Chocolate Beet Cake
Makes 10 servings
2 medium beets
1 1/4 cups all-purpose flour
3 tablespoons unsweetened cocoa powder
1 1/2 teaspoons baking powder
1/2 teaspoon salt
3 eggs, separated
1 cup sugar
8 ounces bittersweet chocolate, chopped
1/4 cup hot strong brewed coffee or espresso
Whipped cream and shaved chocolate (optional)
Preheat oven to 375°F
Grease 8- or 9-inch springform pan.
Attach Spiralizer Attachment to KitchenAid® Stand Mixer. Center one beet on fruit and vegetable skewer; attach to Spiralizer. Attach peeling blade fine spiralizing blade and position at end of beet. Place medium bowl below blade to catch beet and peel.
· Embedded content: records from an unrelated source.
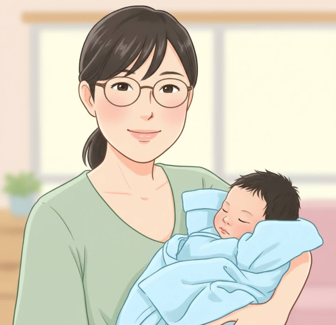 - 長男の出産後、助産師の資格を取得。仕事と育児に追われる日々。
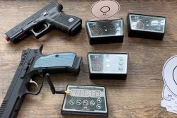 Gespeist wird der Laser von 3 LR626-Knopfzellen, deren Energie sicherlich für 5.000 bis 6.000 "Schuss" reichen dürfte. Gerade mit klassischen Spannabzugspistolen à la SIG Sauer P226 oder Revolvern können schnelle Folgeschüsse, Schussserien, Zielmedienwechsel trainiert werden. Bei Single Action-Pistolen wie COLT 1911 oder modernen Polymerrahmen-Schlagbolzenschloss-Dienstpistolen wie GLOCK 17 muss für Folgeschüsse der Hammer manuell vorgespannt bzw. der Schlitten durchrepetiert werden. Neuerdings wird aber speziell für die populären GLOCK-Pistolen der Gen3 bis Gen5 ein "Reset Trigger" offeriert. Bei dieser nur für das Trockentraining geeigneten Abzugseinheit mit einem Abzugsgewicht von knapp 2.300 g wird das Schloss nach jedem Schuss automatisch ohne lästiges, manuelles Repetieren des Verschlusses gespannt, so dass man auch mit dem österreichischen Bestseller schnelle Schussserien effektiv trainieren kann. Der Laser Ammo Reset Trigger kostet 219,- Euro. Im Trockentraining kann man natürlich auch einen Timer verwenden und gerade für dynamische Disziplinen ist die Laserpatrone beispielsweise für den Erstschuss nach dem Ziehvorgang, verschiedene Anschlagarten, Dot Drills, Schießen mit der schussstarken und schussschwachen Hand oder aus der Bewegung ein wertvolles Trainingstool. Das Basis-Set der Laser Ammo SureStrike Laserübungspatrone in 9 mm Luger kostet mit Batterie und drei reflektierenden Scheiben ab 139,- Euro, was unserer Meinung nach ein gut angelegtes Investment sind. Schön ist natürlich, dass man nicht mit ungewohnten und im Gewicht abweichenden Dummy-Waffen, sondern mit der eigenen, individuellen "Echten" und der entsprechenden Holsterausrüstung trainieren kann, was die Realitätsnähe nochmals steigert.
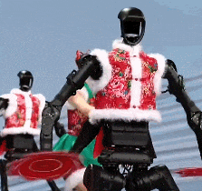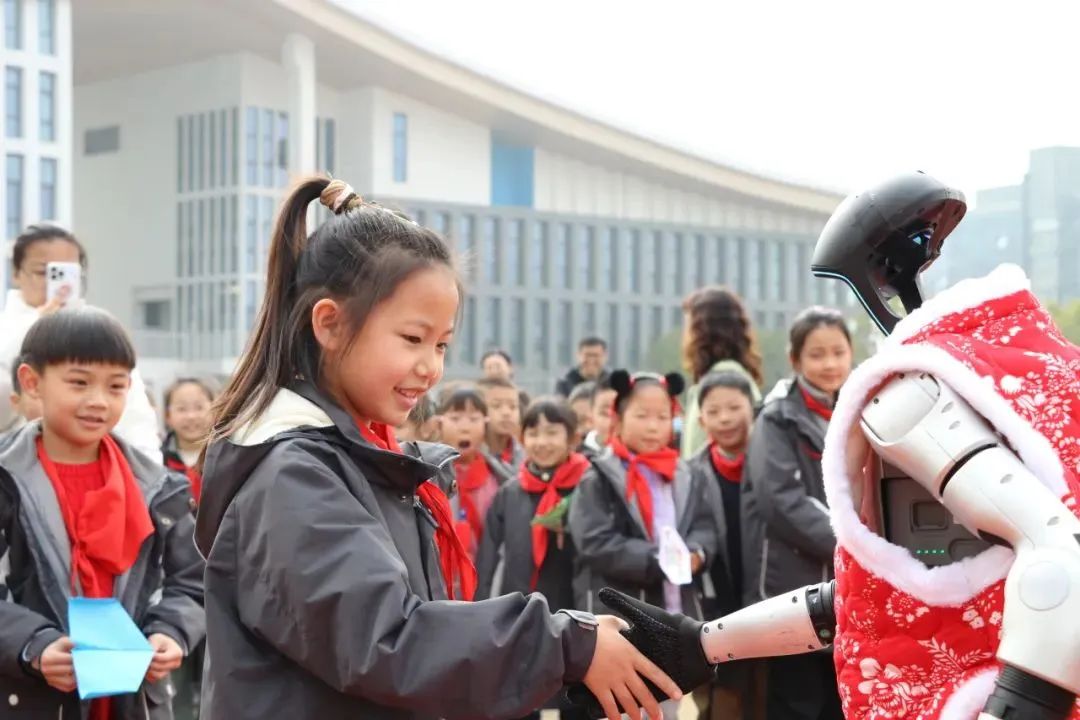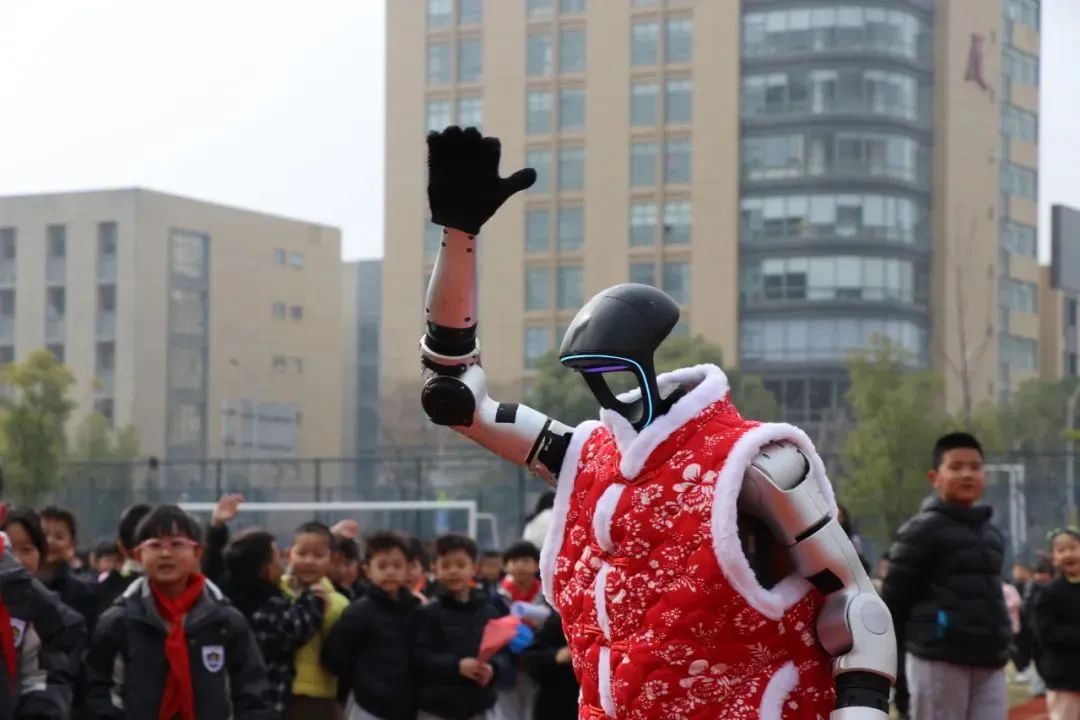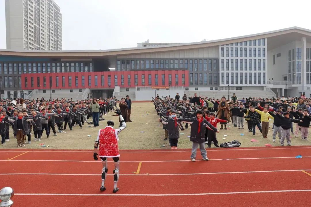 它时而挥臂和同学们一起练习武术操,时而与学生趣味互动,精准的动作与幽默的反应引发现场阵阵欢呼。

Turn stand mixer to speed 4 and process until blade reaches end of beet. Repeat with remaining beet.
Spread beets on large baking sheet. Bake 15 to 20 minutes or until beets are fork tender. Cool completely. Cut into 1/4-inch pieces.
Reduce oven temperature to 325°F. Sift flour, cocoa, baking powder and salt into small bowl. Remove Spiralizer from stand mixer; attach wire whip. Whip egg whites in mixer bowl until soft peaks form. Gradually add sugar, whipping until mixture is glossy and forms stiff peaks.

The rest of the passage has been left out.